Information supplied Start Marker

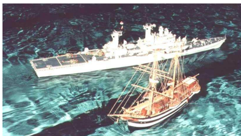
Modelli in evoluzione
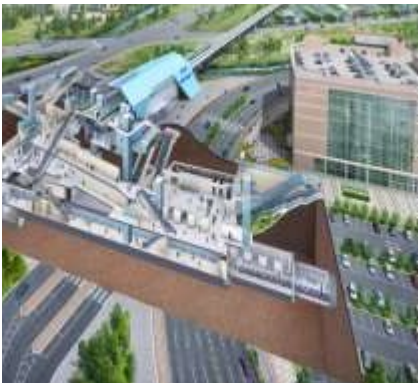
< 별내역 조감도 >
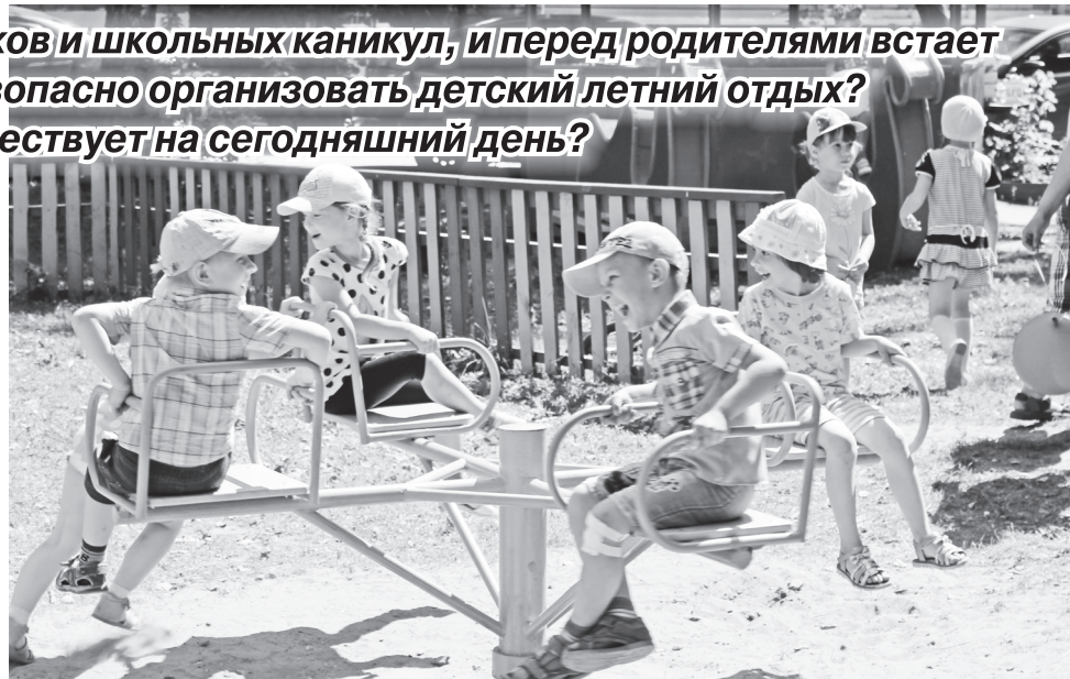
▲ Чтобы было весело и безопасно

Согласно закону, родители будут заранее знать об особенностях природных, климатических условий, зонах повышен-
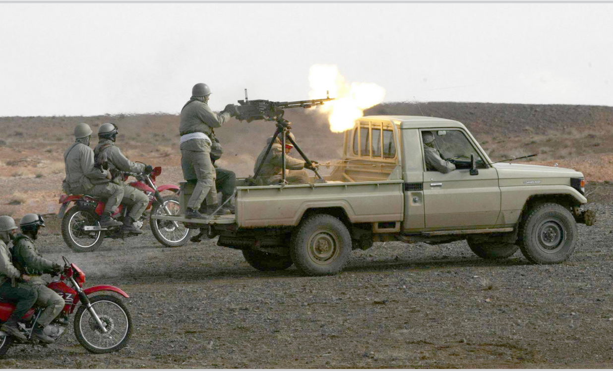
الحرس الثوري الإيراني يقوم بمناورات عسكرية

وازاء هذا الوضع، قال الاميرال واشنطن قررت "ان تدعم بقوة
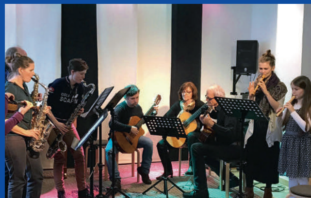
Ensemble-Tag – gemeinsam musizieren im Schnupper-Ensemble

Im Bahnhof finden regelmäßig gemeinsame Schülervorspiele unserer Dozenten statt. Wir freuen uns auf Ihren Besuch.
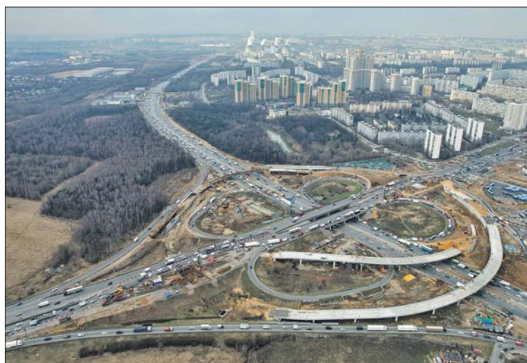
На современной развязке будут направленные съезды

Реконструкция Липецкой развязки позволит обеспечить беспрепятственный выезд на федеральную трассу М-4 «Дон». За счёт
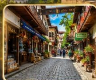
เดินเล่นย่านเมืองเก่าบรรยากาศย้อนยุค
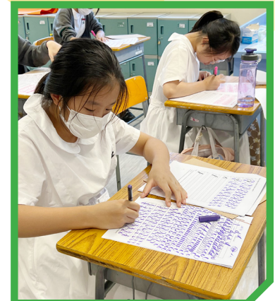
Unwinding and meditating through the English Calligraphy for Mindfulness Class
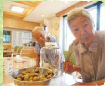
みんなで梅ジュース作り
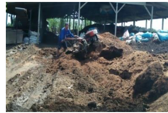
Gambar 3.2. Pencampuran bahan baku pupuk
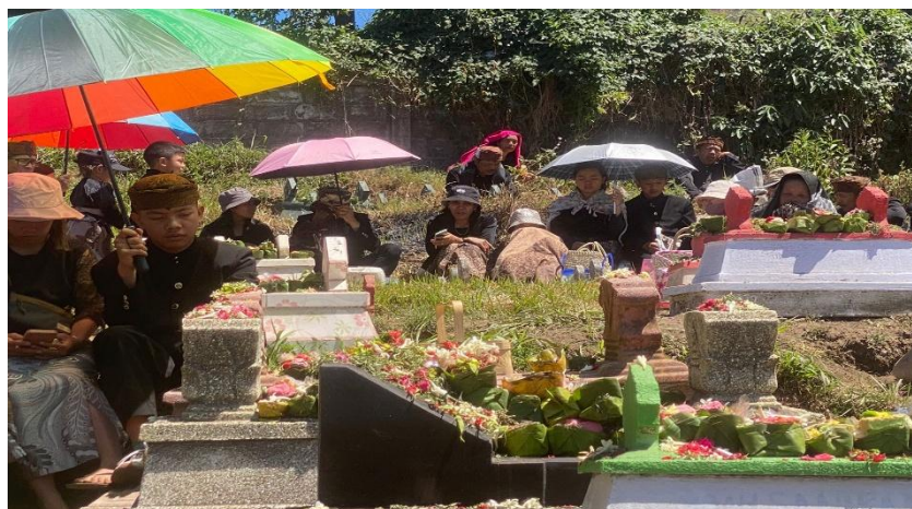
Gambar 1. Nyadaran bagian dari rangkaian hari raya Karo

Terlihat pada foto Gambar 1, setiap orang tua mengikutsertakan anak-anak untuk berpartisipasi pada upacara adat. Begitu pun dengan upacara adat lainnya, seperti perkawinan dan Kasada . Setiap orang tua masyarakat Tengger membiasakan anak-anaknya untuk ikut serta dalam semua rangkaian upacara adat agar upacara adat tersebut tetap lestari. Gambar di atas diambil pada puncak hari raya Karo yang ditutup dengan acara Nyadran . Upacara Hari Raya Karo atau biasa disebut upacara adat Karo ialah upacara ritual suku Tengger, yang merupakan lebaran bagi masyarakat suku Tengger. Upacara ini bertujuan kembali pada kesucian, yang disebut Satya yoga , anggapan tersebut muncul bahwa di zaman Satya yoga masyarakat bersifat suci, berpegang teguh pada kebenaran, sederhana, serta kejujuran. 11

Information supplied End Marker

— Task objective —
Go through the records above and copy every line with the word "будут".

— Response below —
Согласно закону, родители будут заранее знать об особенностях природных, климатических условий, зонах повышен-
На современной развязке будут направленные съезды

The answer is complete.